Facial tattoos, on the other hand, were seen as a protective omen against evil or disease. The latter was characterized by the tattoo “ahjam” or “healing”, which was inscribed with a knife.

Tattoos were by no means limited to women. In fact, men also got tattoos, although the shapes were smaller and more inconspicuous.

According to French anthropologists Tristan Rivière and Jacques Faublee, young men have drawings inscribed on their hands to improve their dexterity when playing musical instruments. Famous tattoos were drawn on the sculptures of the Libyan kings who reigned in Egypt.

Qaderi says that a handful of men in rural Morocco still wear tattoos to this day to strengthen tribal belonging.

Woman with bracelets and necklaces, Berber festival of Matmata, Tunisia.

Woman with bracelets and necklaces, Berber festival of Matmata, Tunisia. (DeAgostini / Getty Images)

The end of the engraving

The tradition inevitably came to an end with the deaths of the elders of the community, whose disappearance symbolized a loss of identity as the art on their bodies mostly told stories from the past.

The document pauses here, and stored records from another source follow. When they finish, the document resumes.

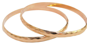
Two hammered design bangles, yellow metal, stamped K14, 7cm diameter, 18.2g all in. SOLD for £480
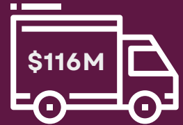
Value of Goods & Food

Distributed to Date since our founding in 2017
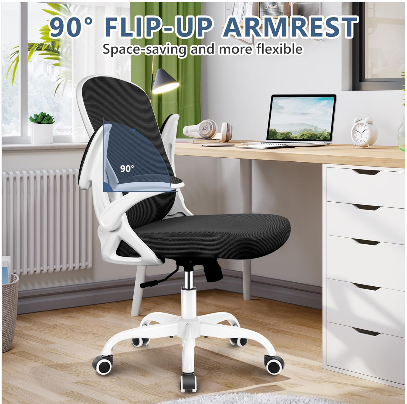
Figure 5.3: 90° Flip-Up Armrests
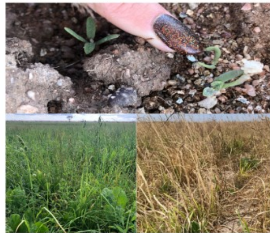
December 2022 (Three months after establishment)
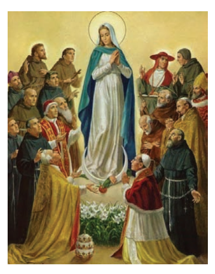
Queen of all Saints Pray for us!
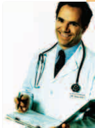
Visit your health care provider if you develop WNV symptoms.
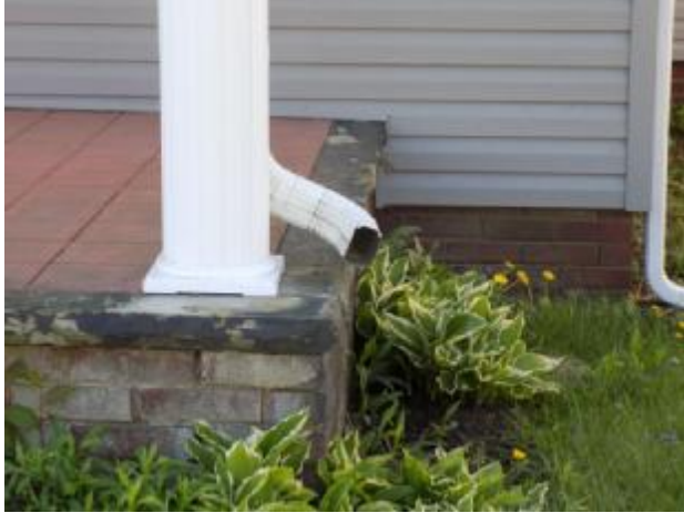
Down spouts need extended

For Qaderi, the end of this art form is a great loss for Amazigh culture “because tattoos were a simple, but substantial means of enhancing beauty”.

“We’ve officially lost a lot of our aesthetic imagination,” he said.

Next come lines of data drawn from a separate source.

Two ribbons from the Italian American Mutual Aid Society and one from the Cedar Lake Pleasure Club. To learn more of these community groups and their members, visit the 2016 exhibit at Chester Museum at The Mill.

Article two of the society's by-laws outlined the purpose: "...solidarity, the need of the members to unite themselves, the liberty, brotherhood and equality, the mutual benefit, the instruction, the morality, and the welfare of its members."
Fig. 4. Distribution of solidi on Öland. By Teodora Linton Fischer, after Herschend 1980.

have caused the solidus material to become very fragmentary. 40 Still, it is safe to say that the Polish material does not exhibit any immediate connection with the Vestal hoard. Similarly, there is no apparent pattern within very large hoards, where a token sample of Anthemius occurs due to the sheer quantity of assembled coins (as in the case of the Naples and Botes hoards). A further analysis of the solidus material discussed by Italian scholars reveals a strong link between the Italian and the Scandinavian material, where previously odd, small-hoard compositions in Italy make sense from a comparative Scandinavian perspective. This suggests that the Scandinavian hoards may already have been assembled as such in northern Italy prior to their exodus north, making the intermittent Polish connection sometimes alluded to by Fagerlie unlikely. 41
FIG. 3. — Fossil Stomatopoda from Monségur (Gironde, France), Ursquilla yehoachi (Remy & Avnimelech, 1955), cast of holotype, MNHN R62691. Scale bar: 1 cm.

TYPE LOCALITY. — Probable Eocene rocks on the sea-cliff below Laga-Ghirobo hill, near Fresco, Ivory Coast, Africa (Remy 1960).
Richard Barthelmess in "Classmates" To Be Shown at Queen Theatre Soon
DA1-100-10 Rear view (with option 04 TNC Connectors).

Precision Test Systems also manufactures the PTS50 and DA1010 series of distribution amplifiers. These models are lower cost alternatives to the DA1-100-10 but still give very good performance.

For his part, El Atri says that while body art across the continent is a form of self-expression, a means of solidifying tribal belonging and identity and a measure of spiritual well-being and status. social, “we now have other ways to tell the world our stories.

El Atri also believes that the death of the practice is an integral part of social evolution.

“With the changes to arbitrary standards of beauty, we now have other ways of celebrating the human body,” he said.

For Amazighs, tattooing is a language that reflects the human mind’s tendency towards perfection and its quest for immortality.

Unlike the modern globalization of cosmetic products which present women only as customers, tattooing for Amazighs was a tradition that draws its tools from nature to beautify human bodies and showcase their true beauty.